His puppy eyes are indeed convincing. He's not even three and he's already mastered throwing the sugary bone. Today he hollered "TV! TV!" while shrieking and flailing in my arms on the way to the car from Frances's ballet class. I told him absolutely not; boys who behave like this don't get to watch tv in the car. He stopped immediately and quietly said, "I not screaming any more." A little too late for that, little man. Five minutes later I said that no, boys who hit mom certainly don't get candy. He looked at me so sweetly and said, "I'm sorry I acted like that, Mama," in the most adorable little voice you've ever heard. "Why, thank you, Clark. I appreciate that apology," I said. "Now we can watch TV?" he asked with just as much sugar. Heh. His girlfriends are going to be in trouble.

Have I mentioned how stinkin cute he is?

I can't figure it out, really. I've tried several different approaches. My latest is to pretend he isn't screaming at all. I dig my earplugs out of my jeans pocket, where they are the minute I get up in the morning, and I just go about my dish-doing, my straightening, my sweet potato slicing for Yam Spinach Bacon soup. He follows me around the kitchen screaming, and screaming, and screaming, and after about three full screaming minutes, he swats me on the legs. I say, "You may not hit me, Clark," and I pick him up and carry him to the time out chair in the dining room. He continues to scream, which I ignore, and then he screams for his blankie blankie, which I scoop from under the kitchen table or up off the family room floor and throw to him. When the blankie hits his hands he quiets immediately, and spends the rest of time out lounging sideways in the chair and sucking his thumb.

(The blankie is fascinating, isn't it? Its like a drug, a deep inhale, the world's edges suddenly softer, life not such a strain, one foot at a time into a steaming hot bath. Ah. I could use a blankie, come to think of it.)

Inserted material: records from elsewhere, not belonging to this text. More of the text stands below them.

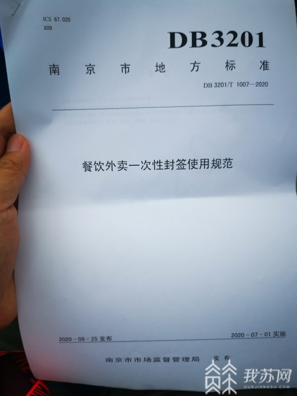 为保驾护航外卖食品安全的“最后一公里”,经南京市市场监管局、江苏省餐饮行业协会、阿里本地生活服务公司、南京市标准化研究院等多个单位的共同努力,制定颁布了“餐饮外卖一次性封签使用规范”南京市地方标准。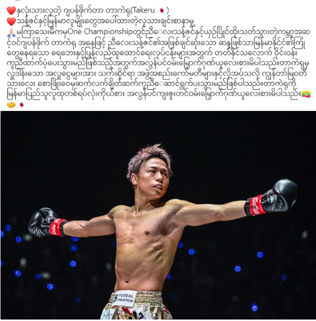 ▼ONE KO勝利の武尊が対戦相手の母国洪水被害に寄付!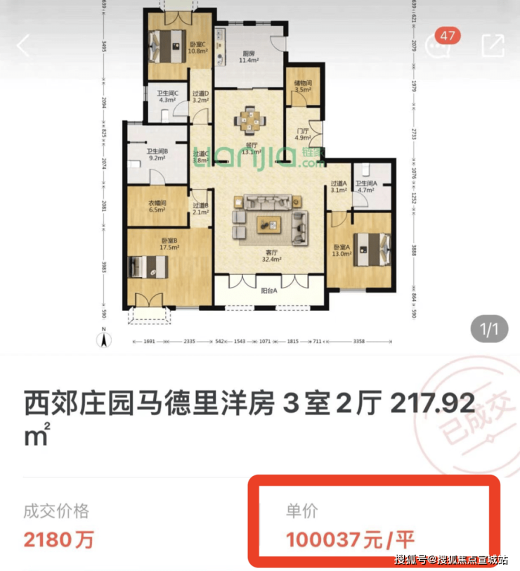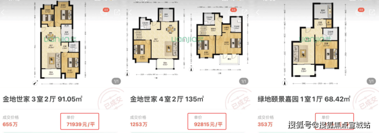 例如金地世家,二手价达到7万+/㎡,其叠加产品,今年挂牌价已冲上了9.3万/㎡,而同板块内其余二手房价大多在5万/平左右。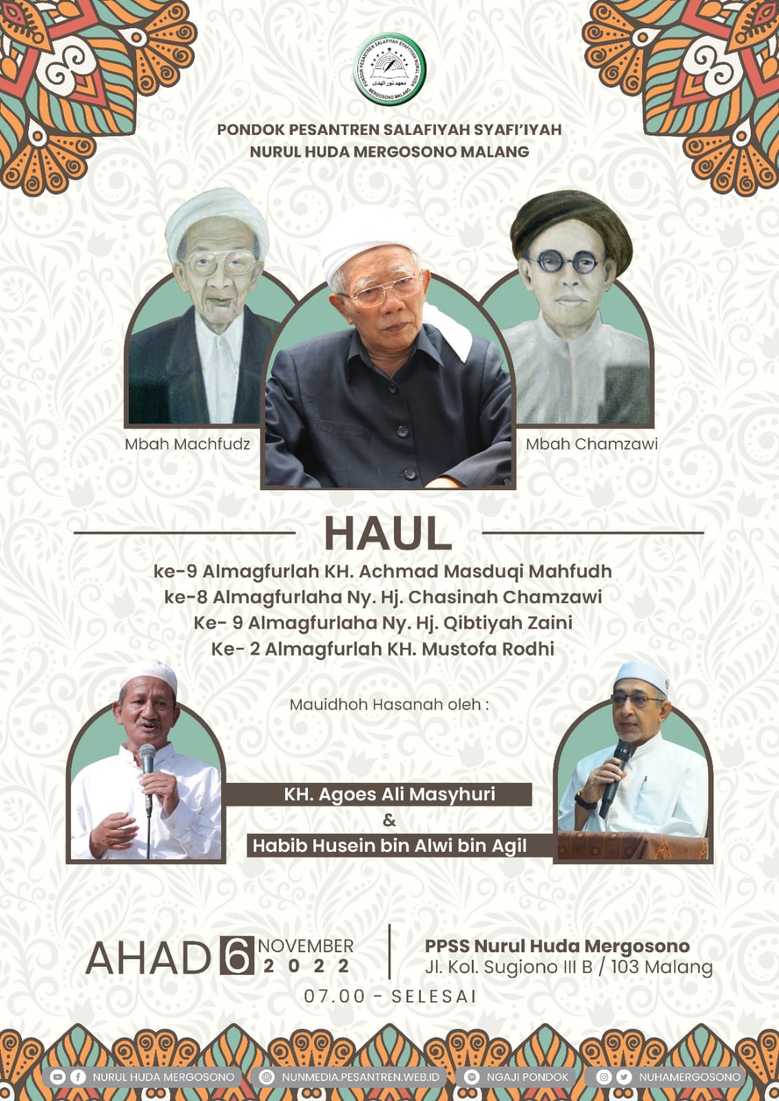 Salam silaturrahim kami sampaikan kepada keluarga besar Alumni dan wali santri PPSSNH Mergosono Malang. Kami atas nama Pengurus Alumni PPSSNH mengharap dengan hormat para Alumni PPSSNH (seluruh angkatan) dan wali santri dalam acara HAUL KE-11 Murobbi ruuhina ABAH KH. Drs. AHMAD MASDUQI MAHFUDZ Beserta HAUL KE-10 UMI NYAI Hj. CHASINAH HAMZAWI yang insya Allah akan dilaksanakan pada: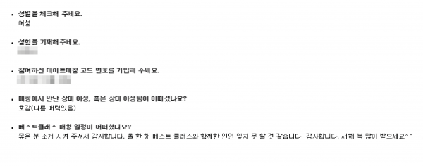 좋은 분 소개 시켜 주셔서 감사합니다. 올 한 해 베스트클래스와 함께한 인연 잊지 못 할 것 같습니다. 새해 복 많이 받으세요… 회원들의 소중한 만족도조사입니다. The Class is here, BEST CLASS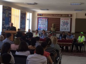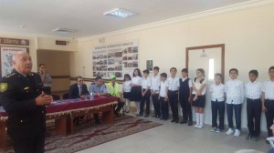 Tədbirdə çıxış edən Bakı şəhər DYP-nin bölmə rəisi, polkovnik Vaqif Əsədov təhlükəsizliyin təmin olunması sahəsində həyata keçirilən fəaliyyətlər barədə danışıb və qeyd edib ki, bu fəaliyyətin əsas hissəsi son 10 il ərzində təhsil müəssislərində təşkil olunan təbliğat işi ilə əlaqədardır. V.Əsədov qeyd etdi ki, hər bir vətəndaş yol hərəkətinin iştirakçısıdır və bu səbəbdən yol hərəkəti qaydalarına əməl etməlidir: "Bu qaydalara əməl edənlər bununla da müvafiq icra qurumları tərəfindən yollarda təhlükəsizliyin təmin olunması ilə əlaqədar keçirdiyi tədbirlərə dəstək vermiş olurlar ki, hamı bunda xüsusilə, maraqlı olmalıdır".
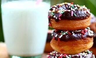 Пончик — это круглый пирожок с дыркой по центру, обжаренный в масле. Но в сегодняшнем рецепте мы будем пончики выпекать в духовке. В молоко высыпать дрожжи и сахар....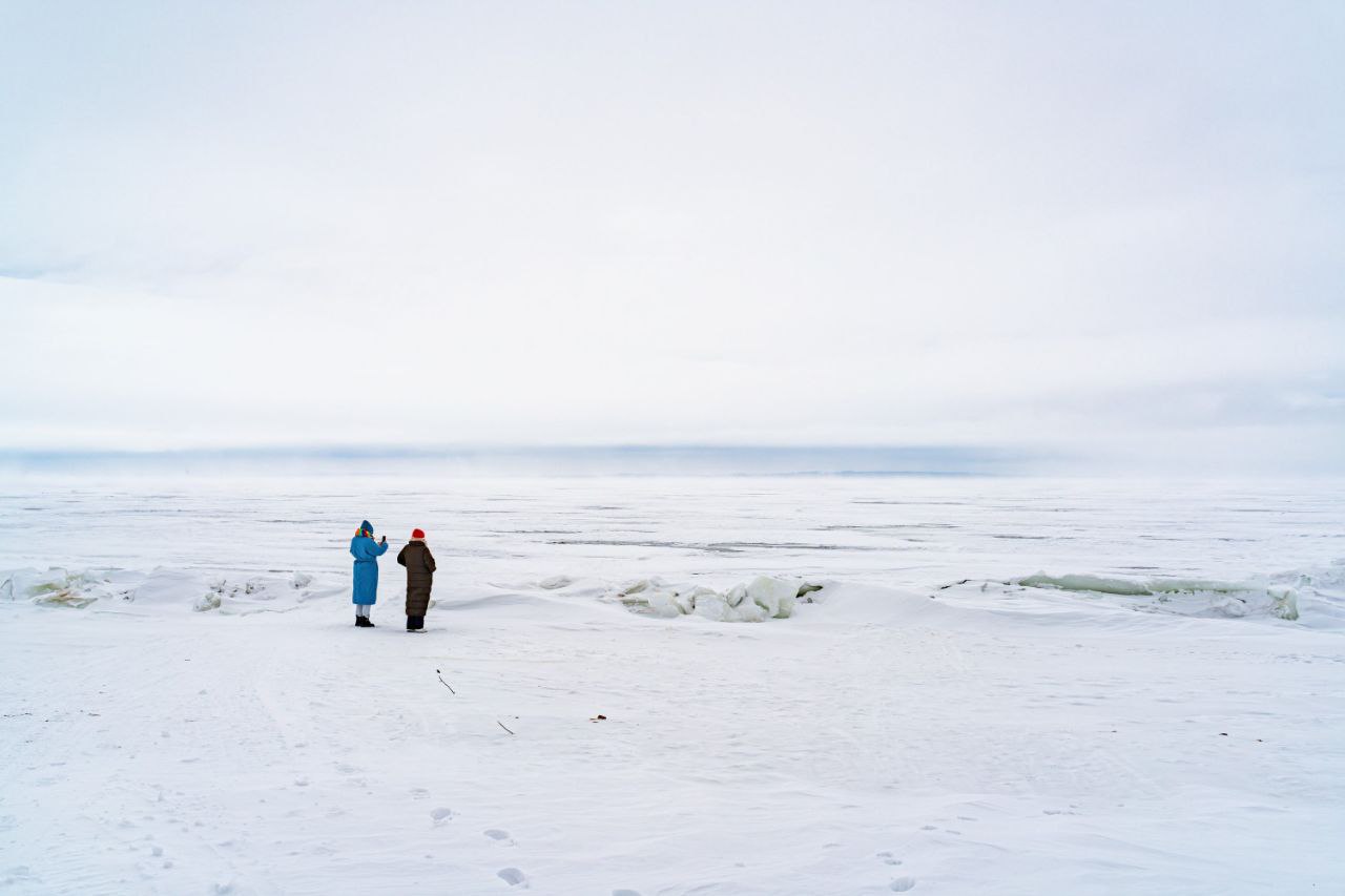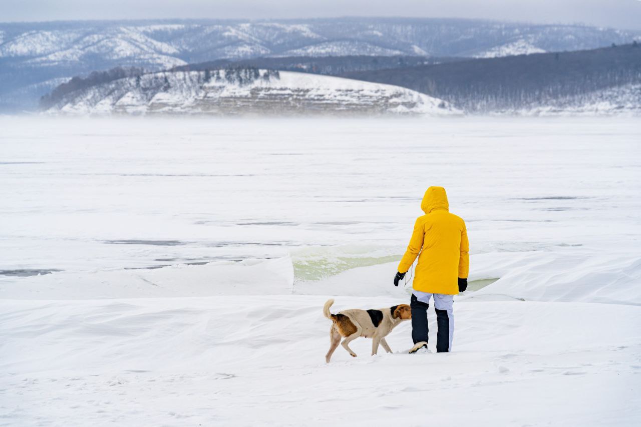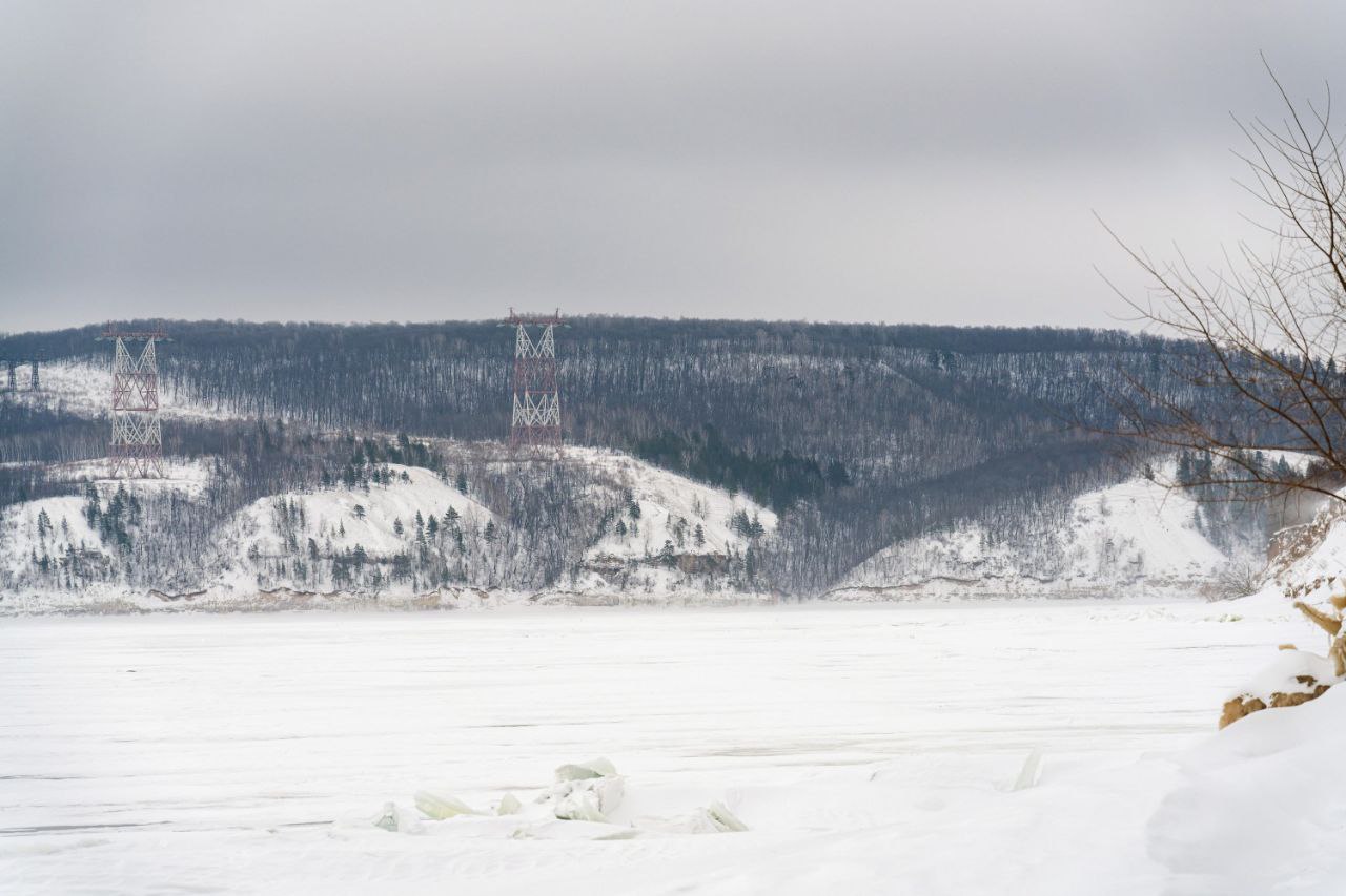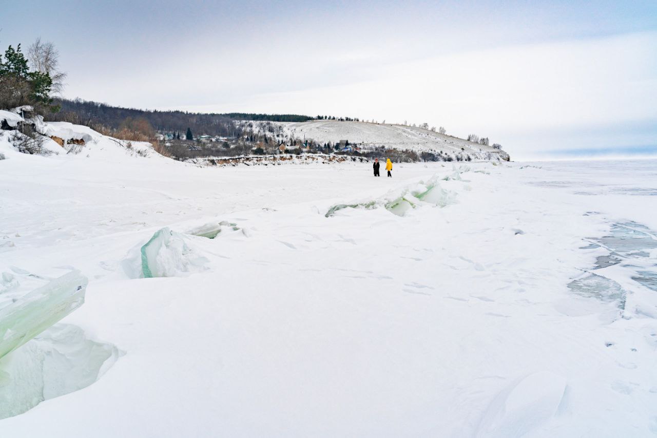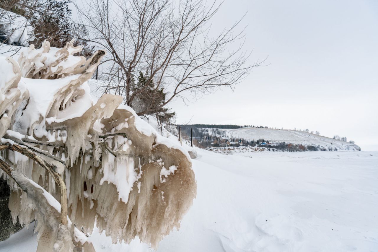 С берега в Берёзовке днём невероятный вид на горы – Лепёшку и Молодецкий курган И если тёплая погода ещё не успеет внести свои коррективы, то можно застать даже местами прозрачный лёд и красиво обледеневший склон.

I have to keep reminding myself, keep reminding myself that this is a stage. One day he'll stop all this madness. He won't still be throwing fits like this when he's sixteen (they'll be a different variety of fit then...) I'll even be able to keep a crayon within his reach without fearing consequences.

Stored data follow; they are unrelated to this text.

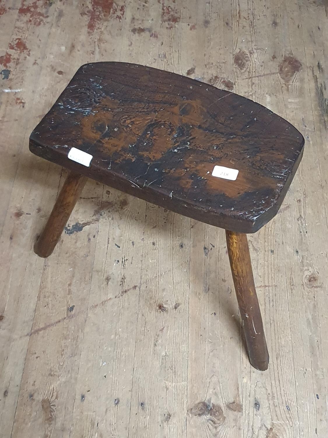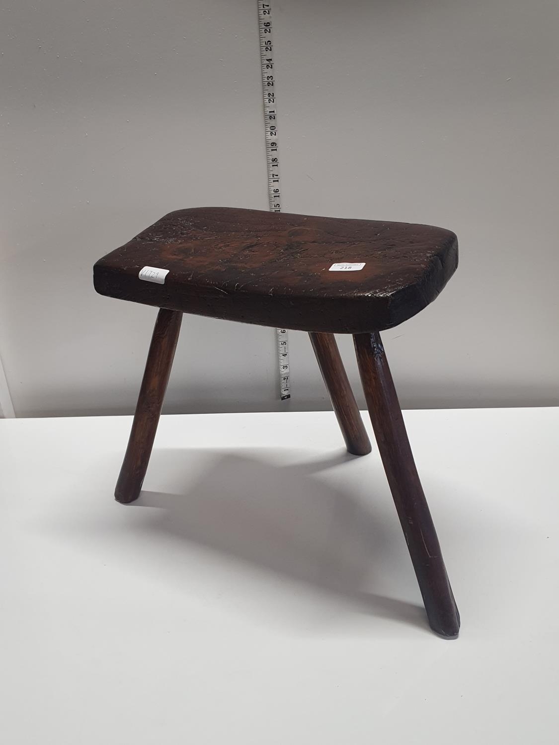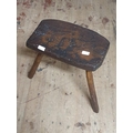 A antique oak three legged stool h41cm, shipping unavailable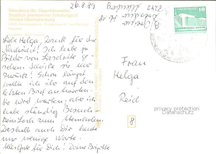 72353820 alte Postkarte Oberbaerenburg Baerenburg FDGB Erholungsheim Friedenswacht Platz der Republik postalisch gelaufen Erhaltung siehe scans KatCode: 11110014290010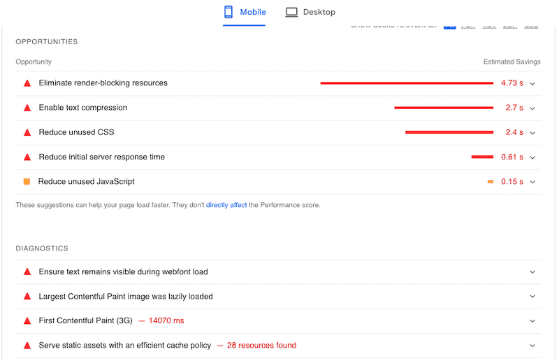 I got a 69/100 performance grade on mobile (orange interval), I also have two KPIs in the red (FCP and LCP) and 2 in orange (SI and TTI):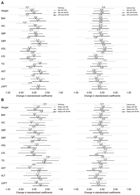 On workdays, reallocating 30 min of SB to LPA was significantly associated with a decrease in waist circumference (β = −0.344, 95% confidence interval [CI]: −0.668 to −0.019), but was not significantly associated with weight or BMI. In addition, reallocating sleep to SB or MVPA was significantly associated with higher TG levels (sleep to SB, β = 0.524, 95% CI: 0.062–0.986; sleep to MVPA, β = 0.379, 95% CI: 0.087–0.671). On leisure days, reallocating SB or sleep to MVPA was significantly associated with lower AST levels (SB to MVPA, β = −0.298, 95% CI: −0.574 to −0.022; sleep to MVPA, β = −0.308, 95% CI: −0.583 to −0.032).
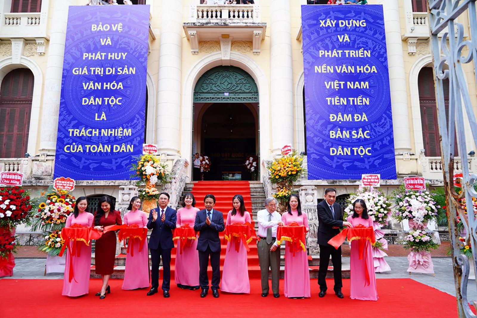 Các đại biểu tham dự cắt băng khai mạc và thăm quan các bảo vật trưng bày. Ảnh: KT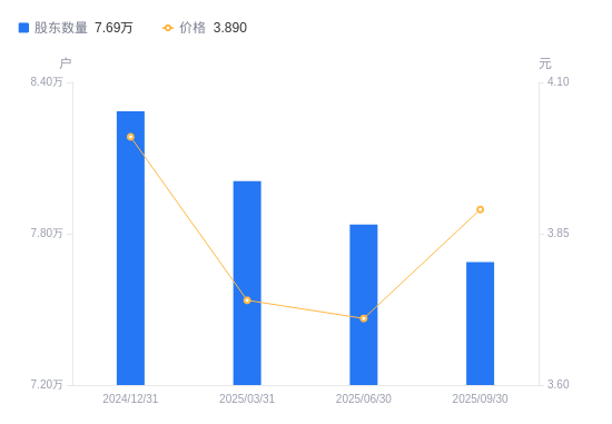 近一年(2024年9月30日至2025年9月30日),山西焦化A股股东户数从8.5万户,减低至7.69万户,降幅9.57%,区间股价下跌5.12%。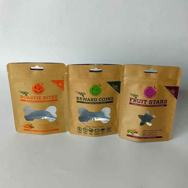 Sacs d'emballage en papier kraft refermables à fermeture éclair personnalisés avec fenêtre transparente pour les friandises pour chiens et les aliments pour animaux de compagnie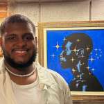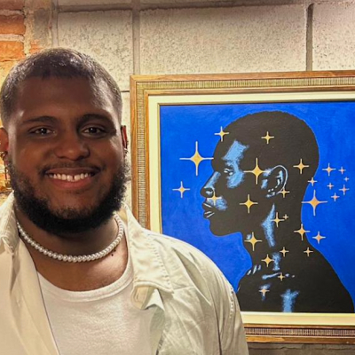 Emerson Rocha, 28 anos, é um artista visual contemporâneo afro-brasileiro natural de São Roque, em São Paulo. Seus trabalhos se concentram na exaltação das experiências e do cotidiano da população negra de seu país, um dos mais racistas do mundo. Com foco na estética única do povo negro brasileiro, tem o uso de um azul bastante específico, obtido através da junção de tinta acrílica e anil africano,  o dourado e o branco como elementos principais em suas composições.

But as a stay at home mom, dealing with this all day long, every day, several times a day, ad nauseum, it's hard to keep it in perspective. I feel like I'm forever going to live in a house with someone who screams for extended periods at a time. I really do think the noise level is what throws me off. I didn't realize I was noise sensitive, but on the extremely rare and random day when he doesn't scream, I'm a much happier and calmer and better parent.  Cheers to that.